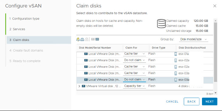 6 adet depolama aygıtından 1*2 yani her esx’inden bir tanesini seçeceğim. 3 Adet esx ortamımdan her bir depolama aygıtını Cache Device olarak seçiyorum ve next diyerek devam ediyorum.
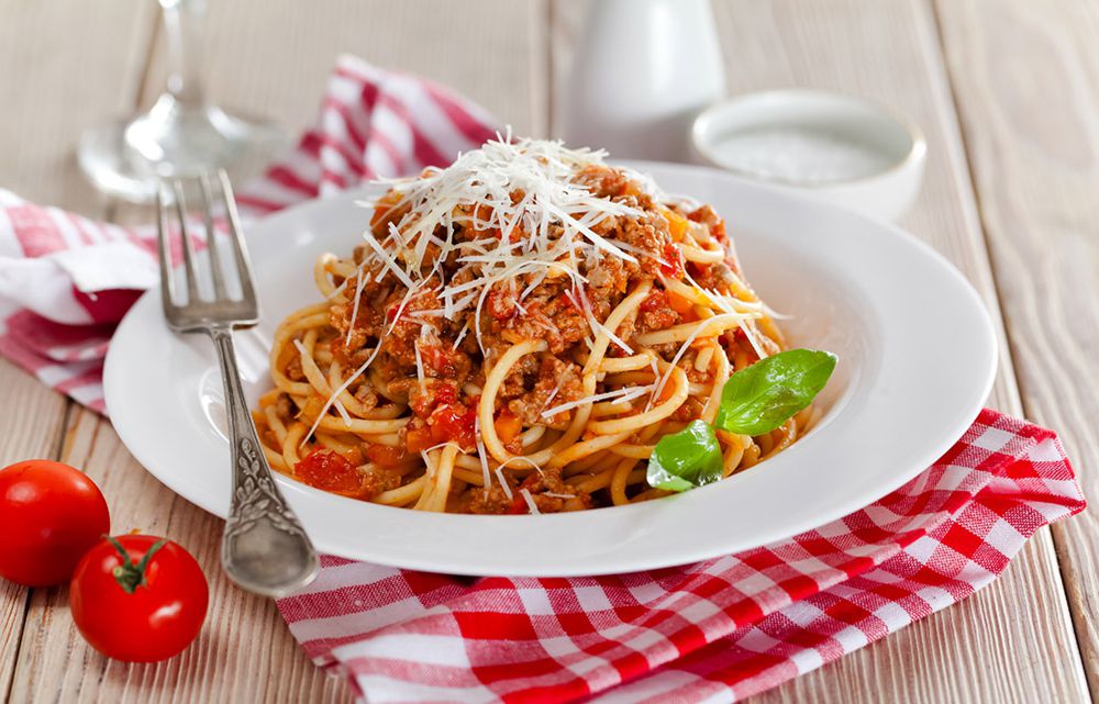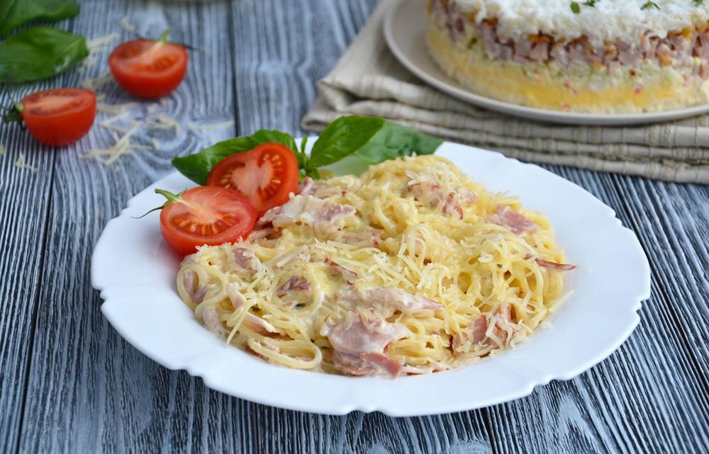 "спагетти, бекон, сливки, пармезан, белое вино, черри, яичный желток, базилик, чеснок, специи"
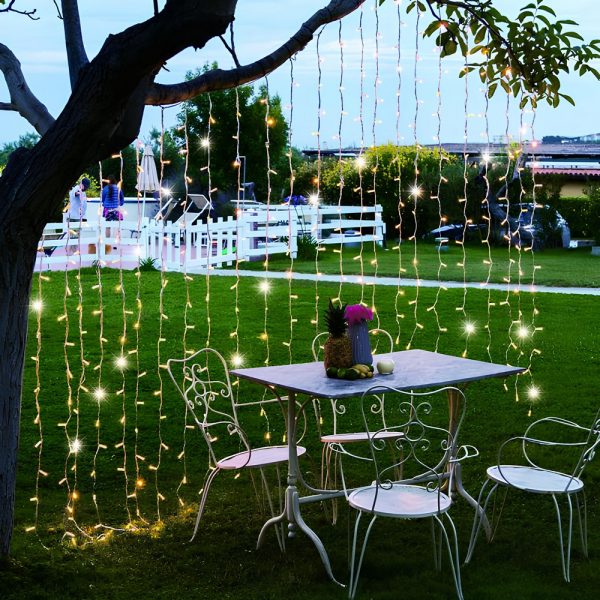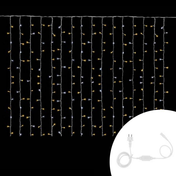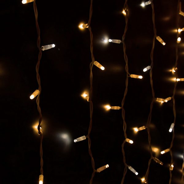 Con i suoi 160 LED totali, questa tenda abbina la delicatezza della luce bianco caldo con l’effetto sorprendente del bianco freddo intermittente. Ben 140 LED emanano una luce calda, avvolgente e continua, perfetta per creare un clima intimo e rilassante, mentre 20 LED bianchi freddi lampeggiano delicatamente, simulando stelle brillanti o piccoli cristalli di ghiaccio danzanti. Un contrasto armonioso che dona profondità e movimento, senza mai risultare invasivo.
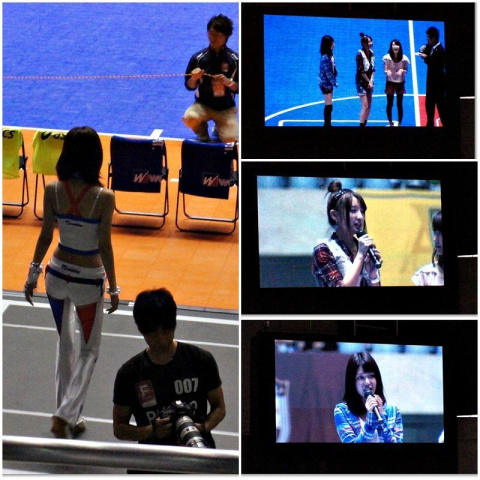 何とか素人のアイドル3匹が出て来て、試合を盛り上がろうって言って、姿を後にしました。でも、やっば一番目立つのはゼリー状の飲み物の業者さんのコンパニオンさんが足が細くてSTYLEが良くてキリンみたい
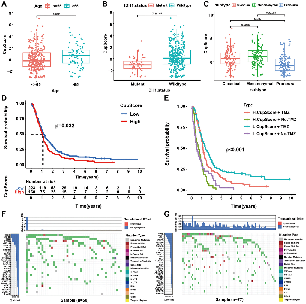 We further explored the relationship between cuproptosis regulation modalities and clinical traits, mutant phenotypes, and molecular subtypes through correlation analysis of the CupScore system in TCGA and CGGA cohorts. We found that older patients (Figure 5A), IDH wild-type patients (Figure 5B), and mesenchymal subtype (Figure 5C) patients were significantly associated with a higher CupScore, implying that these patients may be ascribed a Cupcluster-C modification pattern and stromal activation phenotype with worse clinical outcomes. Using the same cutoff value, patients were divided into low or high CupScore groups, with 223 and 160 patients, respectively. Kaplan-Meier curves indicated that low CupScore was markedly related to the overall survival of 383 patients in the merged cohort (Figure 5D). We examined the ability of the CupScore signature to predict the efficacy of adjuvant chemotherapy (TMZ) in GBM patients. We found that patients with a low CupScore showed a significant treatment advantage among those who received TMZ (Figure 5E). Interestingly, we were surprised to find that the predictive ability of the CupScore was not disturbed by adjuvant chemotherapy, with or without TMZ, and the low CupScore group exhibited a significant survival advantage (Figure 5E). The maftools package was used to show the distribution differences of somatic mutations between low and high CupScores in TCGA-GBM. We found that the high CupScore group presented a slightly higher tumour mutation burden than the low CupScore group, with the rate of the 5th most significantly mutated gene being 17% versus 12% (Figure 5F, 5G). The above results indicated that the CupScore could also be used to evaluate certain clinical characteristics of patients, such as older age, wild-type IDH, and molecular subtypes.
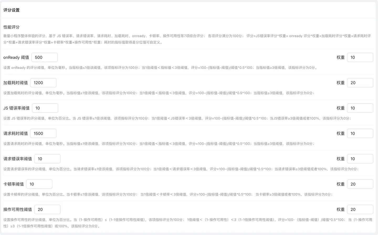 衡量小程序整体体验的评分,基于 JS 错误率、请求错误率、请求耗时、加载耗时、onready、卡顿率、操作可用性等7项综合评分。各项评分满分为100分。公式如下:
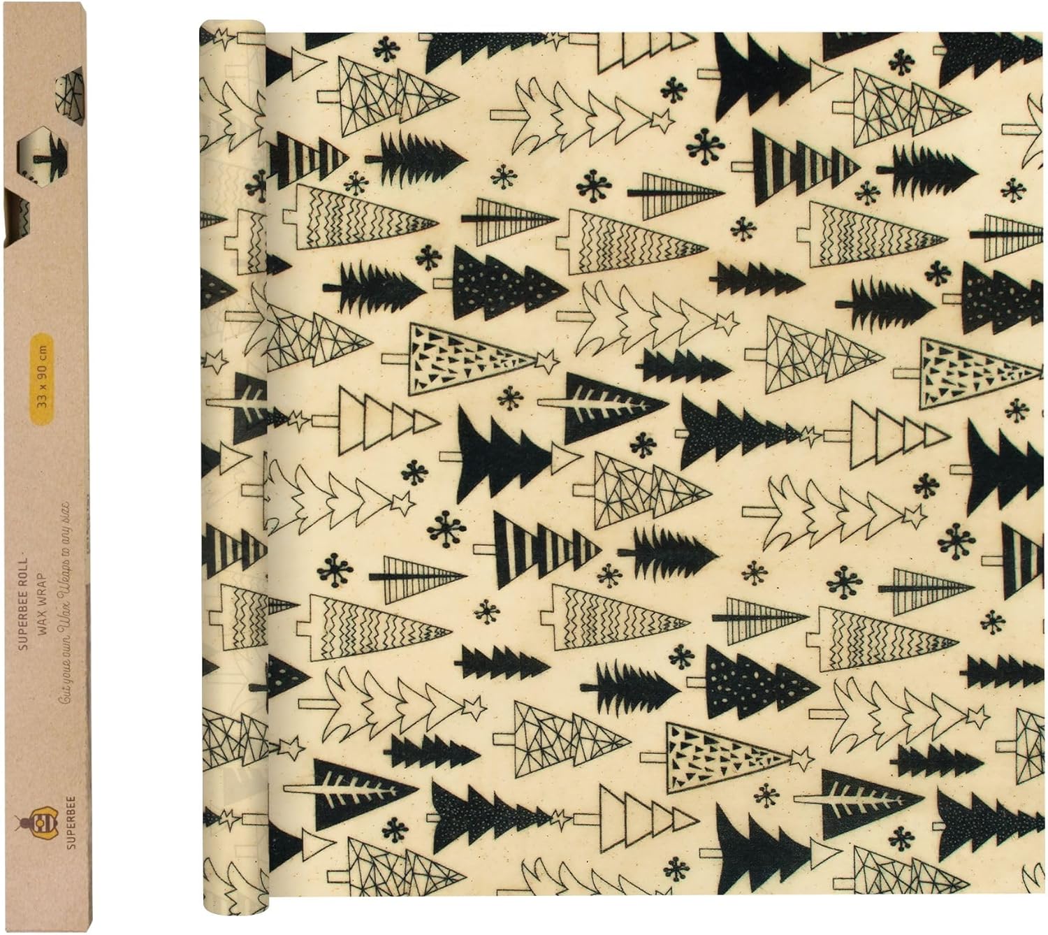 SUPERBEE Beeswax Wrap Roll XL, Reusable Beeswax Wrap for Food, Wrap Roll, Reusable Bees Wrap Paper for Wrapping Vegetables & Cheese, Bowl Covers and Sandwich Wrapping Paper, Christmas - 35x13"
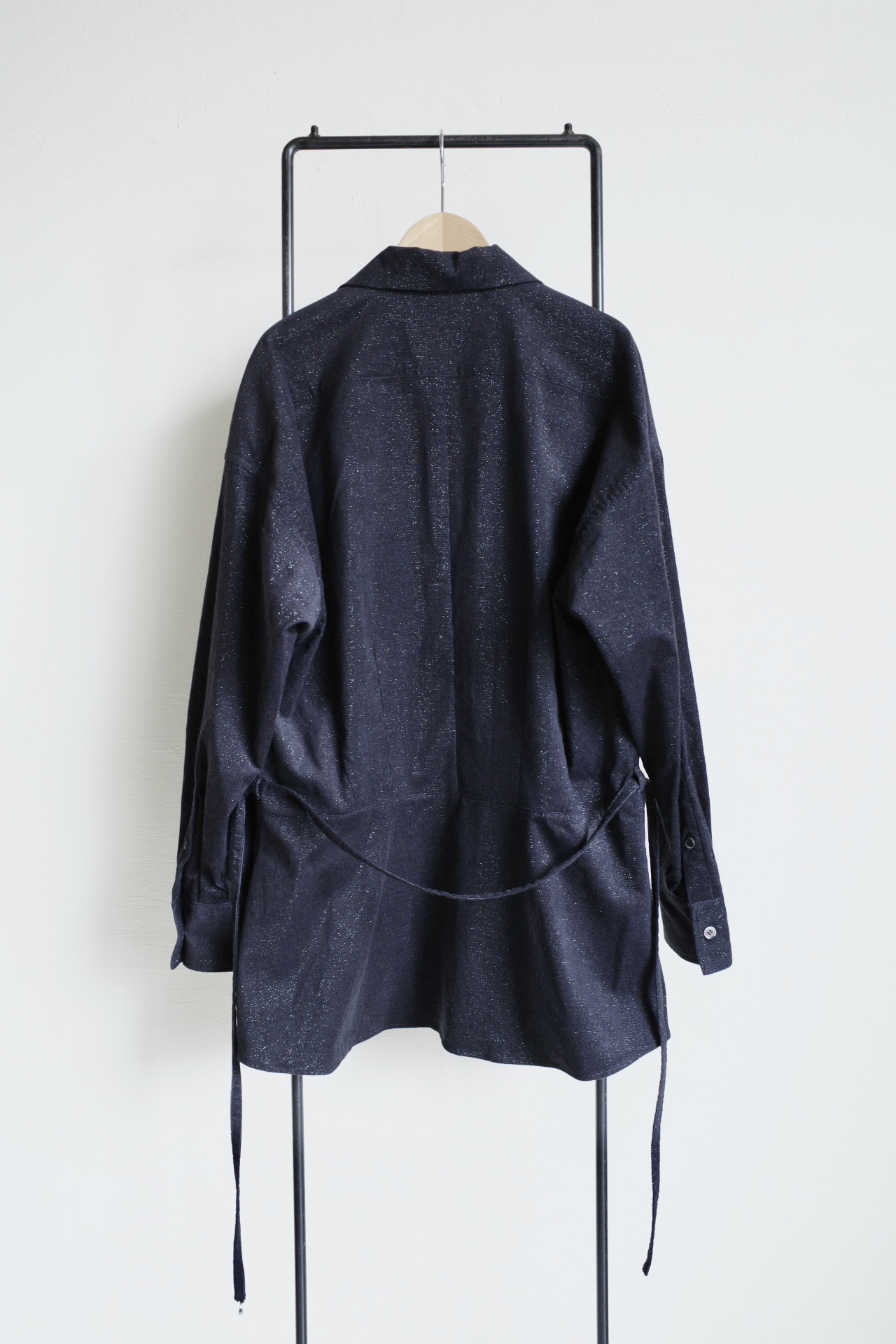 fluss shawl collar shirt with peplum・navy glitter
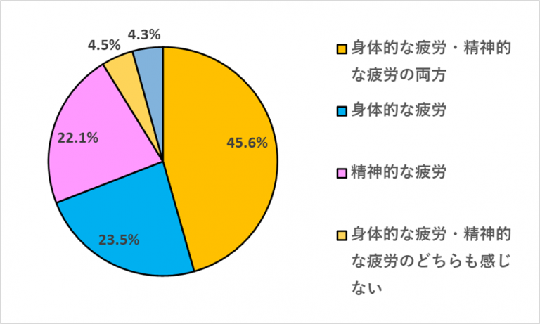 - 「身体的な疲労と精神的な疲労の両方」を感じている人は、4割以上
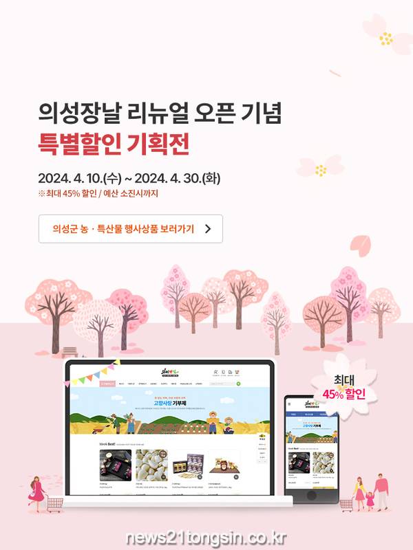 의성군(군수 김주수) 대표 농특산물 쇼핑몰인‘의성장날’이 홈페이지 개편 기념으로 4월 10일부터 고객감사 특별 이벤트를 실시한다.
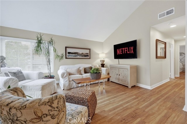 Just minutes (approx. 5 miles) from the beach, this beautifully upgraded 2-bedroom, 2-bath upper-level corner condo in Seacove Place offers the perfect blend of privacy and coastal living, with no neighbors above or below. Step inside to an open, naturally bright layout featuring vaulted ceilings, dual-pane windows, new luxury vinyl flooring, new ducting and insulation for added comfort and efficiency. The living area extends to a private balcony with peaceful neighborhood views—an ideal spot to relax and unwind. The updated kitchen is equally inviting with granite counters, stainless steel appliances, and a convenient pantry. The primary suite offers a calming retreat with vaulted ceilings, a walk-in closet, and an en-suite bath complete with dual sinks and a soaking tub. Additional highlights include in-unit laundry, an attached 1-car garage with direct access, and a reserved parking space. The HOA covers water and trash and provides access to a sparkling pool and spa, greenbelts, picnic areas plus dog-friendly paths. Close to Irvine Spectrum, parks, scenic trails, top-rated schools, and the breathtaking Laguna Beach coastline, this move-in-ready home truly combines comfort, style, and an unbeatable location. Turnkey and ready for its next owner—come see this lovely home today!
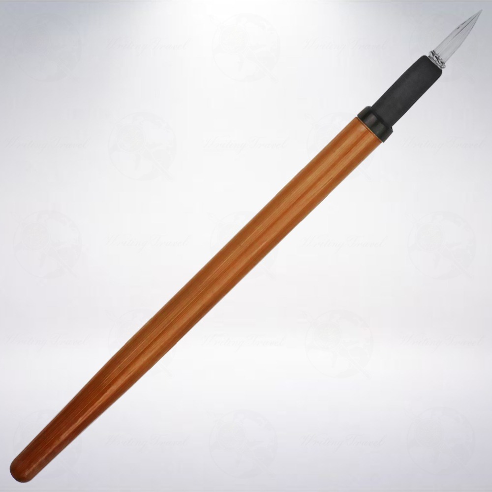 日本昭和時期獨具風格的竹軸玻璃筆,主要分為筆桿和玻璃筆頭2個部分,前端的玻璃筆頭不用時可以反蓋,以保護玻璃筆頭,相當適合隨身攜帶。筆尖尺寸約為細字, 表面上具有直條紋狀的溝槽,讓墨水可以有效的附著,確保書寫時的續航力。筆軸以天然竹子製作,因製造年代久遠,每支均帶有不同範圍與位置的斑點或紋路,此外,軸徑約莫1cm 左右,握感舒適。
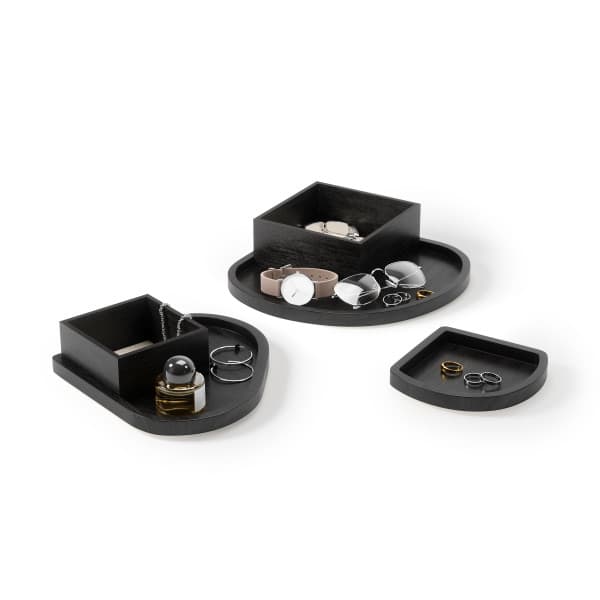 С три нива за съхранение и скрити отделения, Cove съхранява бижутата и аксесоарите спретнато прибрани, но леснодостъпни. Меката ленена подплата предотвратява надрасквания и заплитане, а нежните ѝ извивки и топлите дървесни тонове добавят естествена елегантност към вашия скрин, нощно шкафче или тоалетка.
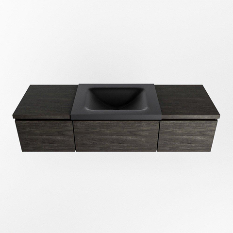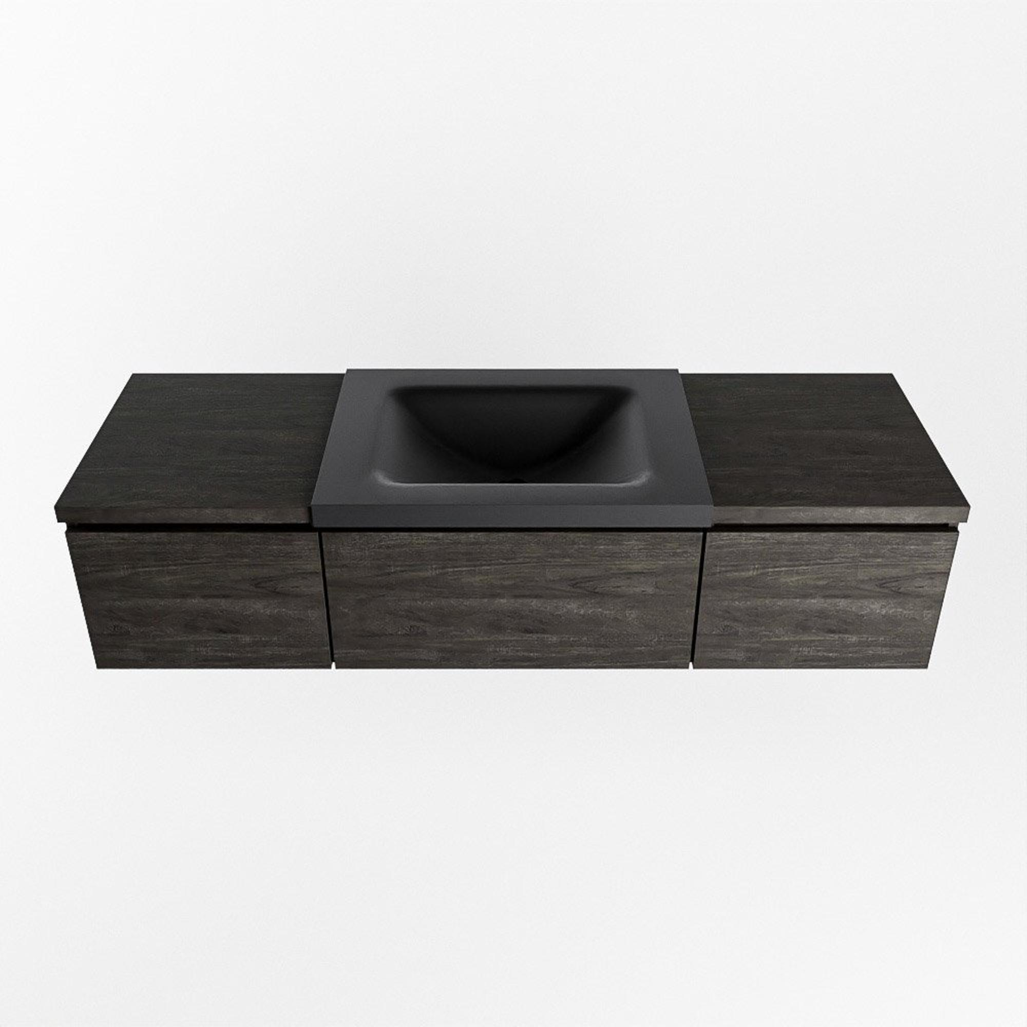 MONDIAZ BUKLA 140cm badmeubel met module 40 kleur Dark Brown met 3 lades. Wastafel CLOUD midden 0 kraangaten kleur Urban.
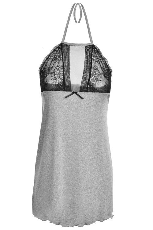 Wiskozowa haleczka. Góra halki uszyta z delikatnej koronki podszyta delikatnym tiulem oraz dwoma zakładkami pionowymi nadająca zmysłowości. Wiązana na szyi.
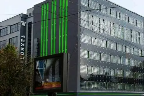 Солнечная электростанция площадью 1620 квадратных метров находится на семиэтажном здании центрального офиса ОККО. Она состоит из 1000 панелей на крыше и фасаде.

---+---

* [EXERCISE BRIEF]
Please give back exactly, and with no pictures, the lines from where the listing above begins through the line containing "何とか素人のアイドル3匹が出".

* [WRITTEN SOLUTION]
 6 adet depolama aygıtından 1*2 yani her esx’inden bir tanesini seçeceğim. 3 Adet esx ortamımdan her bir depolama aygıtını Cache Device olarak seçiyorum ve next diyerek devam ediyorum.
 "спагетти, бекон, сливки, пармезан, белое вино, черри, яичный желток, базилик, чеснок, специи"
 Con i suoi 160 LED totali, questa tenda abbina la delicatezza della luce bianco caldo con l’effetto sorprendente del bianco freddo intermittente. Ben 140 LED emanano una luce calda, avvolgente e continua, perfetta per creare un clima intimo e rilassante, mentre 20 LED bianchi freddi lampeggiano delicatamente, simulando stelle brillanti o piccoli cristalli di ghiaccio danzanti. Un contrasto armonioso che dona profondità e movimento, senza mai risultare invasivo.
 何とか素人のアイドル3匹が出て来て、試合を盛り上がろうって言って、姿を後にしました。でも、やっば一番目立つのはゼリー状の飲み物の業者さんのコンパニオンさんが足が細くてSTYLEが良くてキリンみたい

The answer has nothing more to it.